# What is required
For every line in the listing below that contains the word "with", add one to the tally. State the final number and nothing else.

Dataset content START

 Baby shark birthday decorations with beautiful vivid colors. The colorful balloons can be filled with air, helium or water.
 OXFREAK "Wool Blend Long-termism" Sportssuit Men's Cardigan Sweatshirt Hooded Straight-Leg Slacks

Dataset content END
Dataset content START

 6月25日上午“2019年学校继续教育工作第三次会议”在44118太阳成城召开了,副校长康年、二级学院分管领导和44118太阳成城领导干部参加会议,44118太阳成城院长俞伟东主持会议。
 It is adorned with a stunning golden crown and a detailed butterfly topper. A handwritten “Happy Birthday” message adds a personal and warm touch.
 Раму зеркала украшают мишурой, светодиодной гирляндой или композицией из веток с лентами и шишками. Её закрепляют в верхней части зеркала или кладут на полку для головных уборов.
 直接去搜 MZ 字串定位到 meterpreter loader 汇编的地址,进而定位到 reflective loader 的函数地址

Dataset content END

# Solution
2